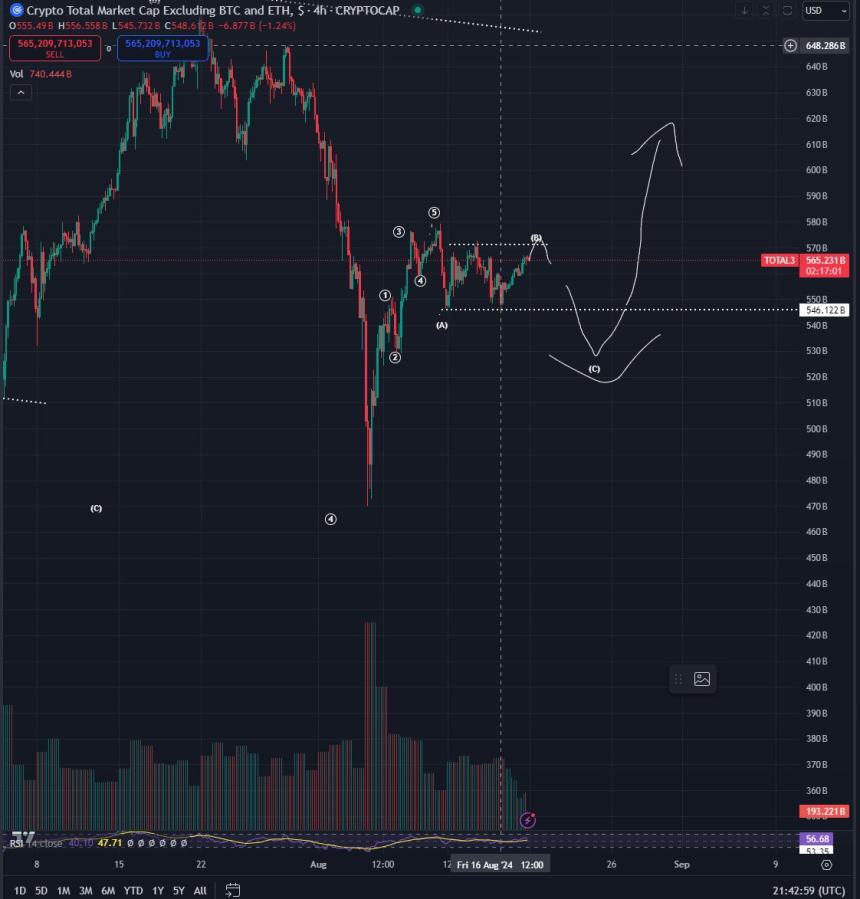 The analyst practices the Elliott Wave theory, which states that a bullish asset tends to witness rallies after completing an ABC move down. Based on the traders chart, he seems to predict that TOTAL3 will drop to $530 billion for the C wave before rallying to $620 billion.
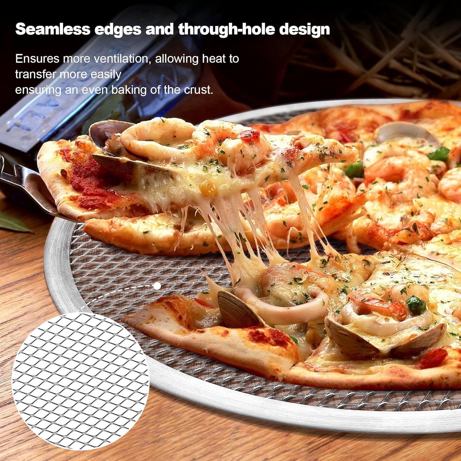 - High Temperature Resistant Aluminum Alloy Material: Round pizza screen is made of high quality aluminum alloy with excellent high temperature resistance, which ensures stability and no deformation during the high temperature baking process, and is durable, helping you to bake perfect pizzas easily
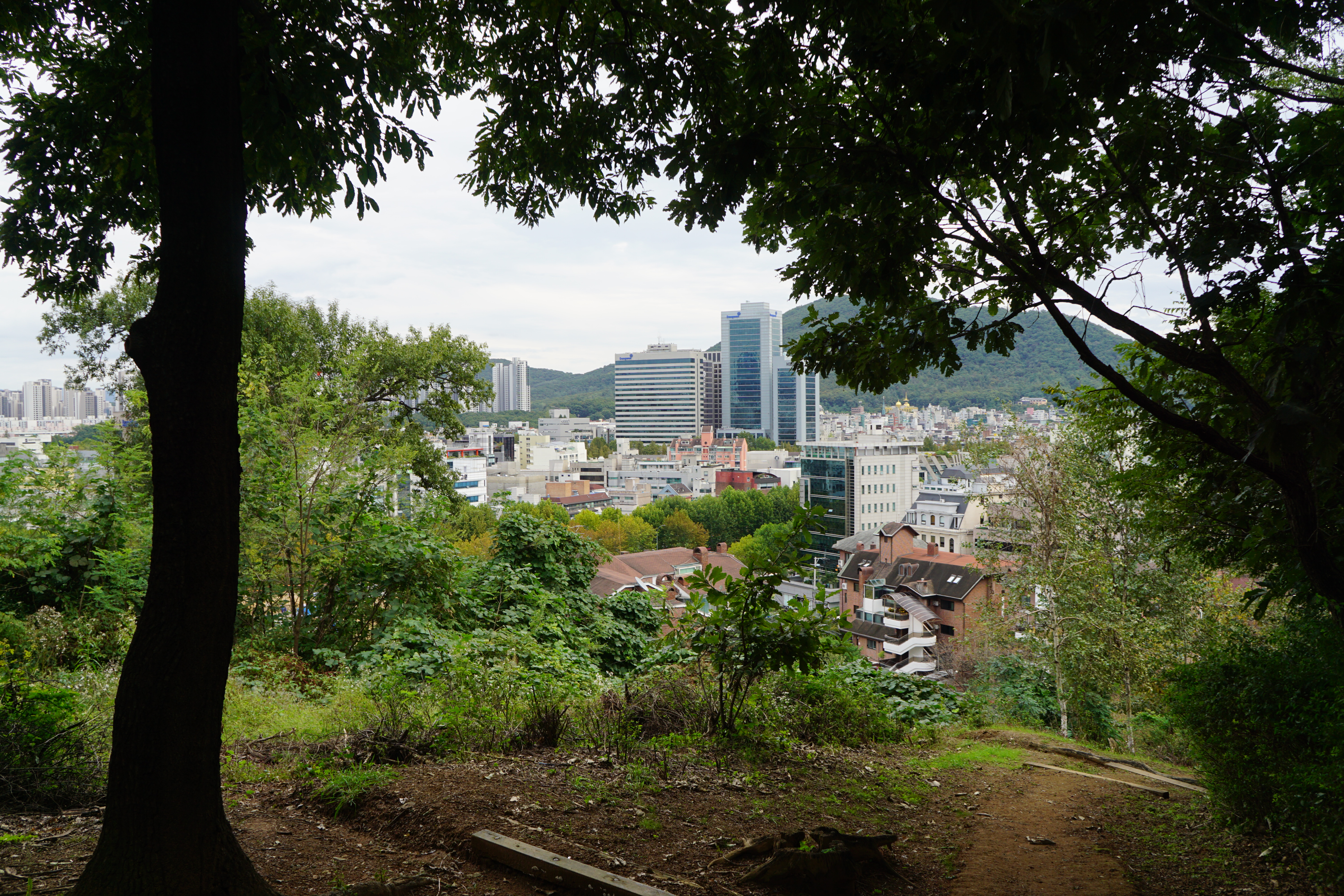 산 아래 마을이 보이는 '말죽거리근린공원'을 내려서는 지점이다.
--
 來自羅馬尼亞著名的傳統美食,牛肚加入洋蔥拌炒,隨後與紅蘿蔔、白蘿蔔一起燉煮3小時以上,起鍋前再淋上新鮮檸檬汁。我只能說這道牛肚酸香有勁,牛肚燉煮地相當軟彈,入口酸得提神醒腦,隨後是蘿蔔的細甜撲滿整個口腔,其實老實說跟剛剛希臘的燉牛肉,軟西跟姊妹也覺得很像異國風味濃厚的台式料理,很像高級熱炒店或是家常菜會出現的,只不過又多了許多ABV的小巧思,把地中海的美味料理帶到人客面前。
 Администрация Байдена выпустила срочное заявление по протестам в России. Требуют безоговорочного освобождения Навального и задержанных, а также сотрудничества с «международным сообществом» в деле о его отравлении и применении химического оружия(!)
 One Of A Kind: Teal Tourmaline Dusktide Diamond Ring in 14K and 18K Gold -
--
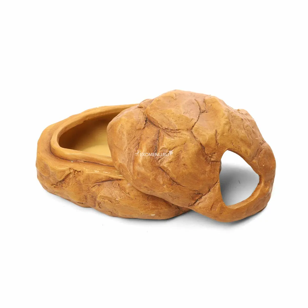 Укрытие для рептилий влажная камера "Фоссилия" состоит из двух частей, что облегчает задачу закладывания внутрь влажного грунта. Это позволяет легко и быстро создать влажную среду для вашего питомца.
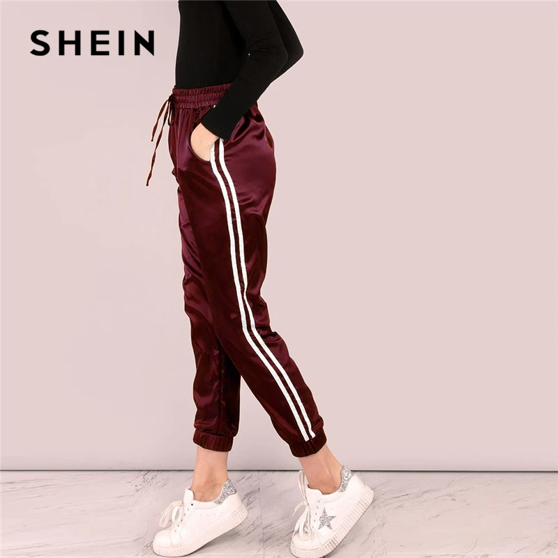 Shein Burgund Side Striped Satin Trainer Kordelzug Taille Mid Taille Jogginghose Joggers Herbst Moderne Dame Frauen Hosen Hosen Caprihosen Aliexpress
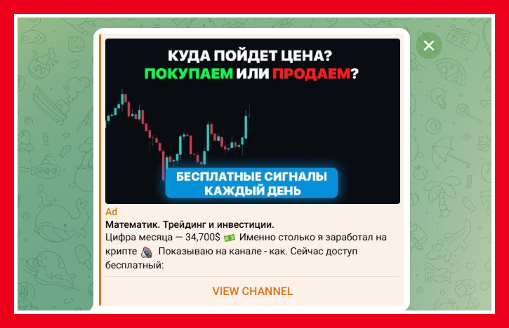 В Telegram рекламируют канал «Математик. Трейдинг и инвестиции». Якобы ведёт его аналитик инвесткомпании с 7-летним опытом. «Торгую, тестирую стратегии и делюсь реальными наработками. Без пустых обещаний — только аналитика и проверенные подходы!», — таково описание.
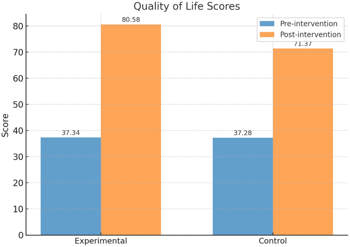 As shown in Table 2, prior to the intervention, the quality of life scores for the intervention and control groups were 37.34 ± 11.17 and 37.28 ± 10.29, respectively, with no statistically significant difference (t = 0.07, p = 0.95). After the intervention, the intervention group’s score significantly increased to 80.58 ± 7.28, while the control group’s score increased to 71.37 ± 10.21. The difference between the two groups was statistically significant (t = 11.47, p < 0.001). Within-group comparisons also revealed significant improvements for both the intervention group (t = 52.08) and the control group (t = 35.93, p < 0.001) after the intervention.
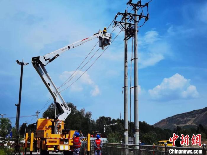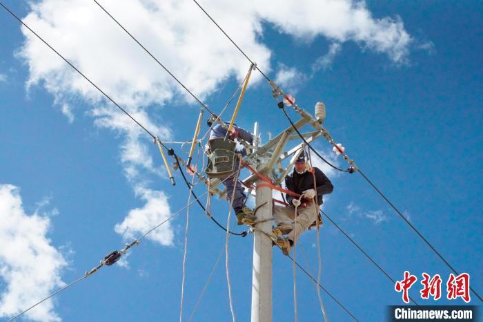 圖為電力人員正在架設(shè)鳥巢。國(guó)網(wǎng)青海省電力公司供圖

◆ TASK STATEMENT ◆
Above are some records. Reproduce the lines from the one with "The analyst practices" down to the one with "산 아래 마을이 보이는 '말죽거리근린공원'을 내려서는 지점이다.", keeping both, and leave every picture out.

◆ RESPONSE FOR THIS EXERCISE ◆
 The analyst practices the Elliott Wave theory, which states that a bullish asset tends to witness rallies after completing an ABC move down. Based on the traders chart, he seems to predict that TOTAL3 will drop to $530 billion for the C wave before rallying to $620 billion.
 - High Temperature Resistant Aluminum Alloy Material: Round pizza screen is made of high quality aluminum alloy with excellent high temperature resistance, which ensures stability and no deformation during the high temperature baking process, and is durable, helping you to bake perfect pizzas easily
 산 아래 마을이 보이는 '말죽거리근린공원'을 내려서는 지점이다.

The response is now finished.